Three years ago we asked ourselves, “How can natural language processing (NLP) and machine learning technologies help digital democracy platforms?” CitizenLab developed a feature that realizes just that.
In 2022, we released our “Insights” feature to help our clients analyze and categorize community feedback on their community engagement platforms. This is particularly valuable for local governments that gather text-heavy engagements on a wide range of topics. With the help of auto-tagging, community engagement managers can easily process thousands of qualitative inputs within minutes, freeing up valuable time and resources for deeper and more continuous engagement.
We believe this is just the beginning. Community engagement is more than just processing community input into categories or counting the number of posts. That’s why we have also built a visual keyword map using NLP and artificial intelligence (AI) capabilities built into our platform. The keyword map lets you go beyond auto-tagging and enables you to visually uncover community insights.
Here are four ways cities can leverage our Insights tool
AI helps you process qualitative inputs
With the help of AI and NLP, our tool reads the deeper meaning and context behind each post. It can determine whether a particular post is semantically related to a category and provide recommendations.
By clicking on the button – community managers can get recommendations of the posts’ relevant categories
This helps our community engagement managers efficiently process text input that they gathered from their community. For engagement projects with hundreds of inputs, it can be resource-intensive to process, analyze, and uncover the insights. With our platform, community engagement managers get recommendations of the posts’ relevant categories with a click of a button.
Visually explore what people are talking about
We use an NLP model to analyze the most popular keywords or concepts that are being discussed within the community. The most popular keywords are then visualized on a map relative to their importance and clustered together with keywords that appear together repeatedly.

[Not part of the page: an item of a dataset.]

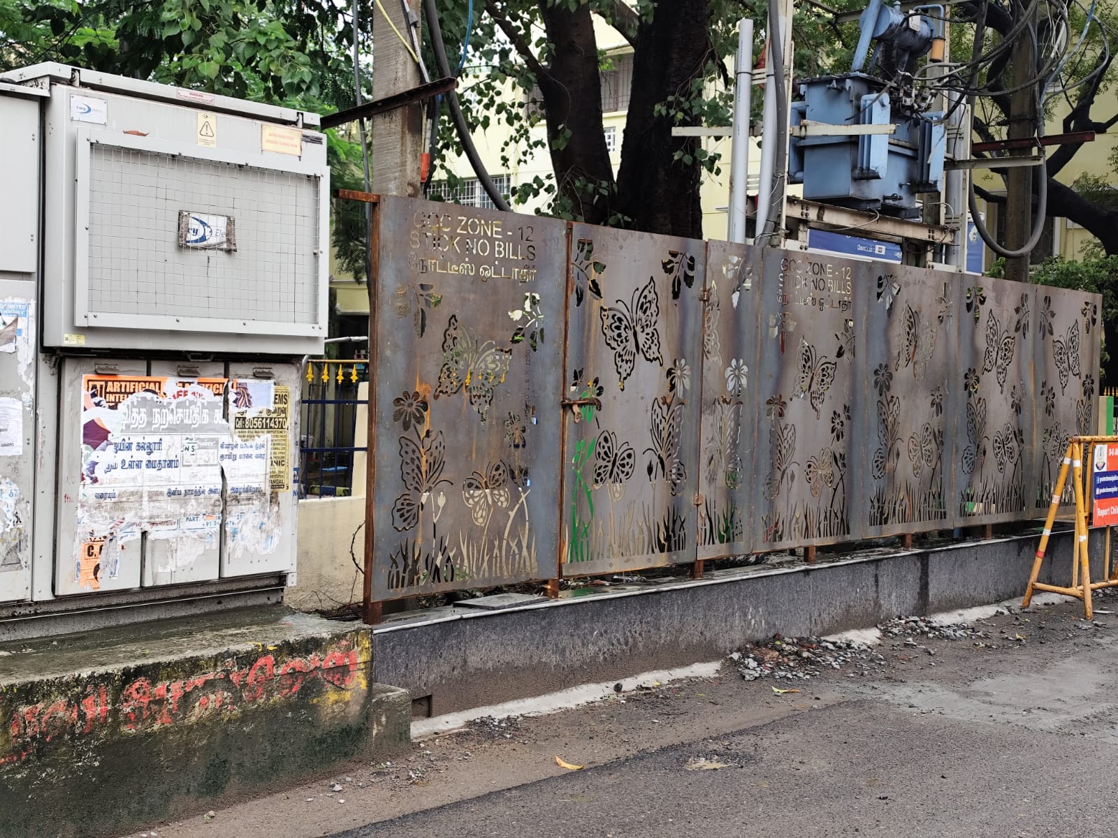 As mentioned earlier by Nanganallu Speaks, many areas in Nanganallur and its surrounding localities have now been fitted with view cutters on electric transformers. These newly-installed view cutters are giving a neat and attractive look to the transformers while also improving public safety.

Community managers can have an overview of all the trending keywords within the community
The visual representation helps community managers quickly understand what people are discussing within the community and group the themes in order of importance. The community manager can then quickly see what the trends, changes, and gaps are in the current project and decide whether a detailed analysis is necessary for the next steps.
Remove bias from data sorting
The map shows the keywords that are discussed frequently together in the same area of the map. This group of keywords shows the key topics or themes discussed within the community. The community managers can then interact with the map to select keywords, create tags, filter, or search posts.
Community managers can interact with keywords, create tags, filter and search for posts easily
This helps community managers process input intuitively on the map instead of going through individual posts on a tedious spreadsheet. More importantly, there is no longer the need for community managers to have a predefined list of categories which removes any potential for bias and focuses on what the community is truly identifying as priorities.
AI offers an inclusive overview of the community
The more frequently a keyword is mentioned, the more central and visually prominent it becomes, which helps community managers easily spot key topics of interest. Beyond showing what the main trending topics are, our keyword map also clusters keywords that may not be part of the larger discussion. For instance, one client’s urban planning project showed that the majority interest was around parks and nature, but a related group of keywords about student life was also clustered at the corner of the keyword map. In turn, this could influence the urban planning project, as well as how and for whom it was designed. By showing both highly-trending as well as ancillary topics, our platform helps community engagement managers be more inclusive in their analysis.
Community managers can easily spot minority interests within the community on the map
This helps community managers easily spot minority interests within the community and further analyze what their needs are.
What’s next for CitizenLab’s Community Insights?
Our Insights feature currently works in 16 languages, including; English, Dutch, German, French, Spanish, Arabic, and Polish. We are working on improving the accuracy of the current languages and adding support for more languages. Additionally, we are exploring how we can leverage the tool further by extending it to surveys, comment analysis, and other qualitative inputs the platform collects.
Look out for more exciting updates in the coming weeks/months!